(Dataset records Opens)
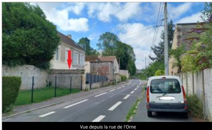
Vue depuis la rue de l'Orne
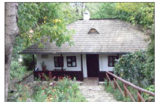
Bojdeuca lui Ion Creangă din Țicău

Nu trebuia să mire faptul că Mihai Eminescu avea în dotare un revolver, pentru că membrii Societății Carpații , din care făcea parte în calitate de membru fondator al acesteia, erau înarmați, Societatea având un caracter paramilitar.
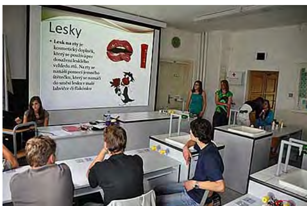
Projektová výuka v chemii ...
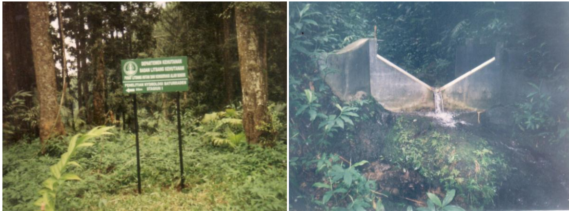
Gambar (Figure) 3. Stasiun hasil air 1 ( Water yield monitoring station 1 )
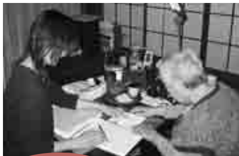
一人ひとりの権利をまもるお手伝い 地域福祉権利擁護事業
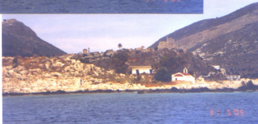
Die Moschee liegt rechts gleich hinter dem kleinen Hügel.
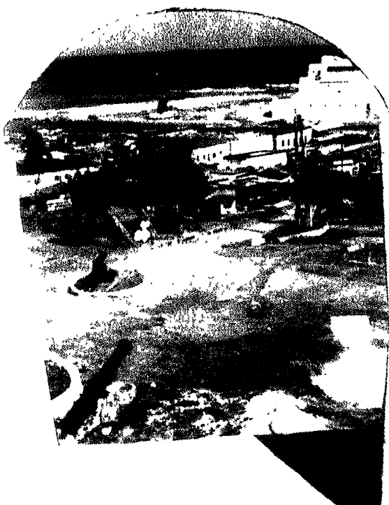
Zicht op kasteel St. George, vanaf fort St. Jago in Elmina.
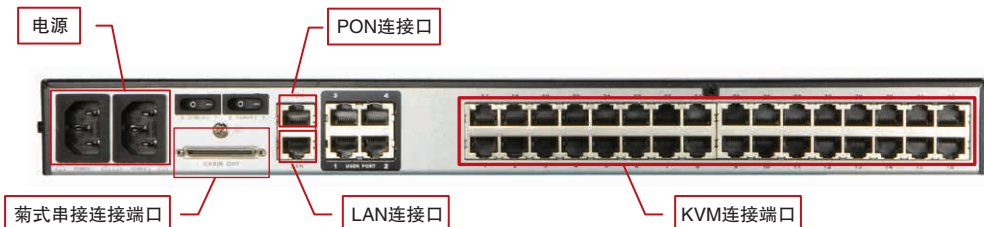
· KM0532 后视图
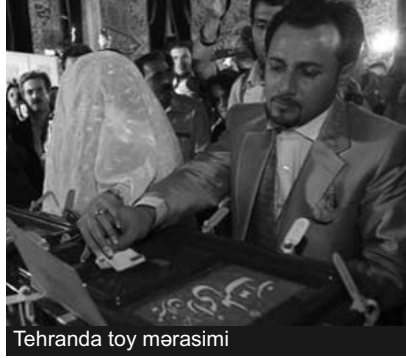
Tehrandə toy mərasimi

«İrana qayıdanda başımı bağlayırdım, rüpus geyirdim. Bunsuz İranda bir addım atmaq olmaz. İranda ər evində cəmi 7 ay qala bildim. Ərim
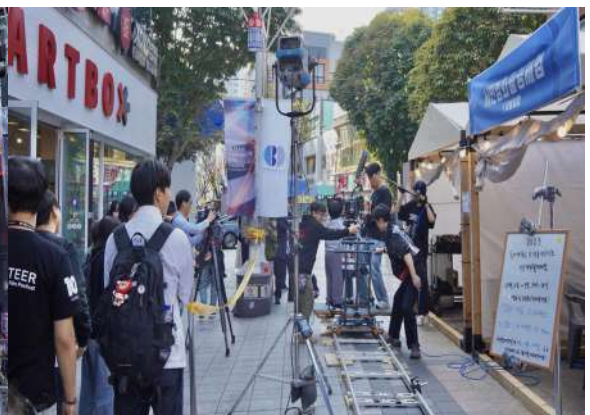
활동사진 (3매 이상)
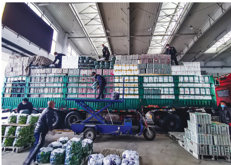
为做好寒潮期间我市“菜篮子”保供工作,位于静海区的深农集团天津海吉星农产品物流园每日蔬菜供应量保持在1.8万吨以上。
(Dataset records Closes)
With every picture left out, print exactly the lines from the one containing "Zicht op kasteel" through the final line of the material above.

Zicht op kasteel St. George, vanaf fort St. Jago in Elmina.
· KM0532 后视图
Tehrandə toy mərasimi

«İrana qayıdanda başımı bağlayırdım, rüpus geyirdim. Bunsuz İranda bir addım atmaq olmaz. İranda ər evində cəmi 7 ay qala bildim. Ərim
활동사진 (3매 이상)
为做好寒潮期间我市“菜篮子”保供工作,位于静海区的深农集团天津海吉星农产品物流园每日蔬菜供应量保持在1.8万吨以上。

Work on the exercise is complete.